That year saw a 3.3 percent increase in fatalities, causing some activists to call for ignition interlock devices to be installed in the car of every convicted drunk driver across the country. In Illinois, a person convicted of drunk driving may apply, during the period of statutory summary suspension of his or her driving privileges, for driving relief, and choose to have a Breath Alcohol Ignition Interlock Device (BAIID) installed in his or her vehicle. If a person convicted of drunk driving chooses to have the BAIID installed in his vehicle during that period of license suspension, there are no other stipulations regarding his driving rights—he is allowed to travel, even interstate, providing that the BAIID is installed.

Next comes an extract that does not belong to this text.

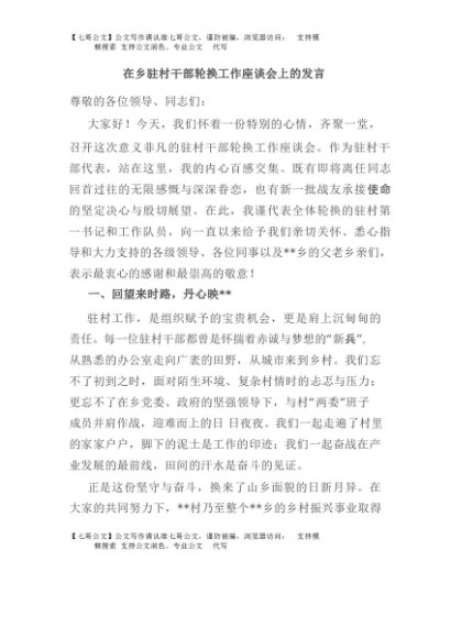 / 【七哥公文】2025年:在乡驻村干部轮换工作座谈会上的发言+更多免费公文+VX:QiGeGongWen2024

Not all convicted drunk drivers are required to install the BAIID, however. A person may opt to adhere to the mandatory suspension period. Yet if the person is then caught driving the vehicle, whether or not he has been drinking, he is guilty of a Class 4 felony. Punishment, if you are a convicted drunk driver and caught driving without an ignition interlock device during the license suspension period, includes possible imprisonment of 1–3 years, a minimum of 30 days in jail or 300 hours of community service, and fines as high as $25,000.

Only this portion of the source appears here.